■ **Activity**:
Starting at the top of the entries below, write out each line up to and including the one containing "کتونی سفید دخترانه". Leave the pictures out.

(Data provided)

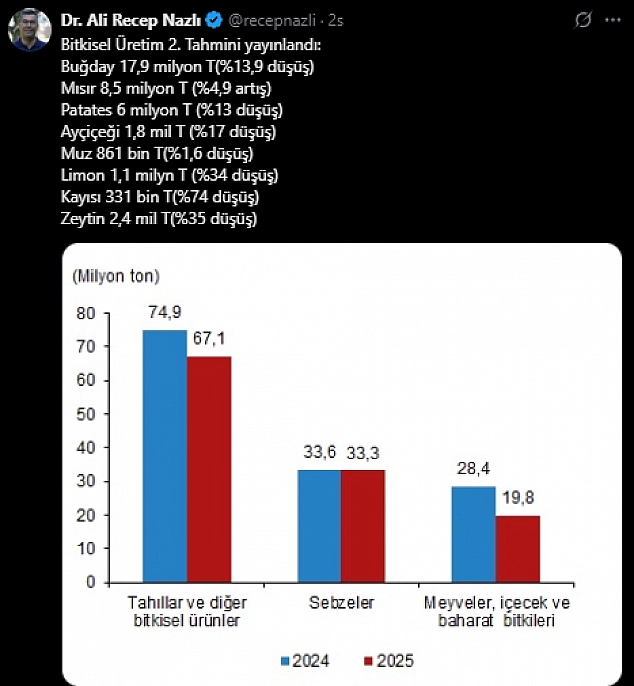 Türkiye İstatistik Kurumu (TÜİK), 2025 Bitkisel Üretim 2. Tahmini verilerini paylaştı. Paylaşılan verilere göre, Nisan ayında yaşanan zirai don nedeniyle kayısıda 331 bin tonluk kayıp meydana geldiğini yayınladı.
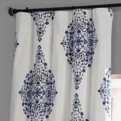 Promo 😀 Exclusive Fabrics Magdelena Silver Faux Silk Jacquard Curtain Panel Magdelena Silver/blue ❤️
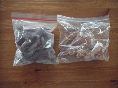 採の国の今日は朝の内雨その後曇りの予報です、部屋は暗い状態です。今の Pearun の部屋の様子です。(約7時~10時頃の時間限定Live)・節電の為本日のLiveは中止します。 ザボンと文旦の皮で作ったピールザボンと文旦の皮で作ったピールが完成した様です、写真の左側がチョコレートコーティングした物で、右はザラメの砂糖を付けた物です、見た目はお菓子らしく仕上がっています。出来上がったピールは少しずつビニール袋に小分けして付箋紙に名前を書いていたので、どうやらバイト仲間ににも、おすそ分けする様です。早速出来上がりを試食しましたが、そこはやっぱり甘いお菓子ですので沢山は食べられませんがほろ苦さは大人の味で、コーヒーを飲みながら食べると美味しかったです。
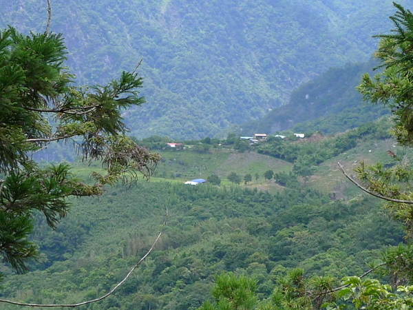 民宿往山下望去,就是「大同部落」,藍色屋頂的民宅就是我們下山時會經過問路的那一家,看起來好遠,走起來也確實不近。
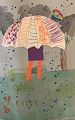 What a cheerful umbrella on a rainy day! Good job creating the feel of a dreary, rainy day. The light, colorful umbrella stands out . And I like how you have a rainbow tucked in the background.
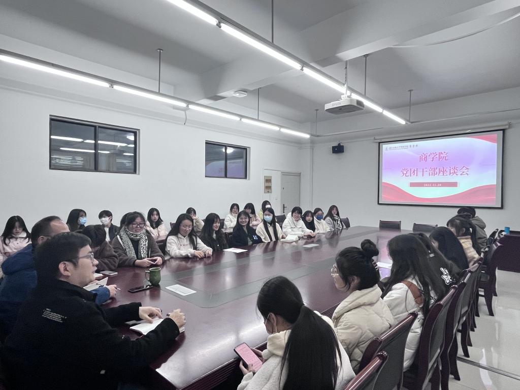 为进一步关心了解学生的思想动态和学习生活状况,收集学生对公共安全、学生工作、管理服务和后勤保障等方面的意见和建议。11月30日,商学院在人文3-302会议室召开党团组织学生干部座谈会。商学院党总支书记张佩成、副书记屠蒋威和36位商学院学生干部和干事参加会议。
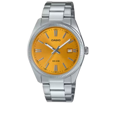 Marke: Casio Glasart: Mineralglas Ziffernblattfarbe: Hell Schliesse: Faltschließe Bandart: Gliederband Wasserdichte: 50 Meter Werkart: Quartz Ziffernblattart: Strich Ziffernblattzeichen: Index Artikelnr: 149015 -
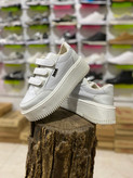 کتونی سفید دخترانه لژدار چسبی مدل کرهای (اسپرت روزمره)
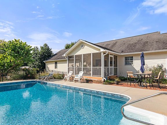 This exquisitely maintained 3 bed/2 bath home is the one you've been waiting for! Features include vaulted ceilings, hardwood floors, high quality plantation shutters throughout, beautifully updated primary bath with dual vanities and huge walk in shower, lovely screened porch w/ Trex flooring overlooking a sparkling inground pool, and more. BRAND NEW HVAC in August 2023. NEW 6" gutters and downspouts in 2022. Spacious 2 car garage with additional matching outbuilding. The outbuilding has windows and an A/C unit and could be used as a great workshop, living space, or for storage. This lovely home sits on a large lot and feels very private with the surrounding open land. Enjoy the peaceful countryside while sipping coffee on your screened porch overlooking your own outdoor oasis! Sellers can not move out of the home until the end of the year.
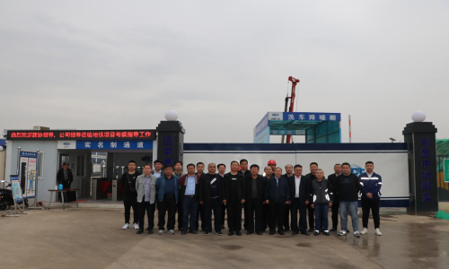 考察團一行在地鐵項目部施工現(xiàn)場合影留念

(End Data provided)

■ **Your solution**:
 Türkiye İstatistik Kurumu (TÜİK), 2025 Bitkisel Üretim 2. Tahmini verilerini paylaştı. Paylaşılan verilere göre, Nisan ayında yaşanan zirai don nedeniyle kayısıda 331 bin tonluk kayıp meydana geldiğini yayınladı.
 Promo 😀 Exclusive Fabrics Magdelena Silver Faux Silk Jacquard Curtain Panel Magdelena Silver/blue ❤️
 採の国の今日は朝の内雨その後曇りの予報です、部屋は暗い状態です。今の Pearun の部屋の様子です。(約7時~10時頃の時間限定Live)・節電の為本日のLiveは中止します。 ザボンと文旦の皮で作ったピールザボンと文旦の皮で作ったピールが完成した様です、写真の左側がチョコレートコーティングした物で、右はザラメの砂糖を付けた物です、見た目はお菓子らしく仕上がっています。出来上がったピールは少しずつビニール袋に小分けして付箋紙に名前を書いていたので、どうやらバイト仲間ににも、おすそ分けする様です。早速出来上がりを試食しましたが、そこはやっぱり甘いお菓子ですので沢山は食べられませんがほろ苦さは大人の味で、コーヒーを飲みながら食べると美味しかったです。
 民宿往山下望去,就是「大同部落」,藍色屋頂的民宅就是我們下山時會經過問路的那一家,看起來好遠,走起來也確實不近。
 What a cheerful umbrella on a rainy day! Good job creating the feel of a dreary, rainy day. The light, colorful umbrella stands out . And I like how you have a rainbow tucked in the background.
 为进一步关心了解学生的思想动态和学习生活状况,收集学生对公共安全、学生工作、管理服务和后勤保障等方面的意见和建议。11月30日,商学院在人文3-302会议室召开党团组织学生干部座谈会。商学院党总支书记张佩成、副书记屠蒋威和36位商学院学生干部和干事参加会议。
 Marke: Casio Glasart: Mineralglas Ziffernblattfarbe: Hell Schliesse: Faltschließe Bandart: Gliederband Wasserdichte: 50 Meter Werkart: Quartz Ziffernblattart: Strich Ziffernblattzeichen: Index Artikelnr: 149015 -
 کتونی سفید دخترانه لژدار چسبی مدل کرهای (اسپرت روزمره)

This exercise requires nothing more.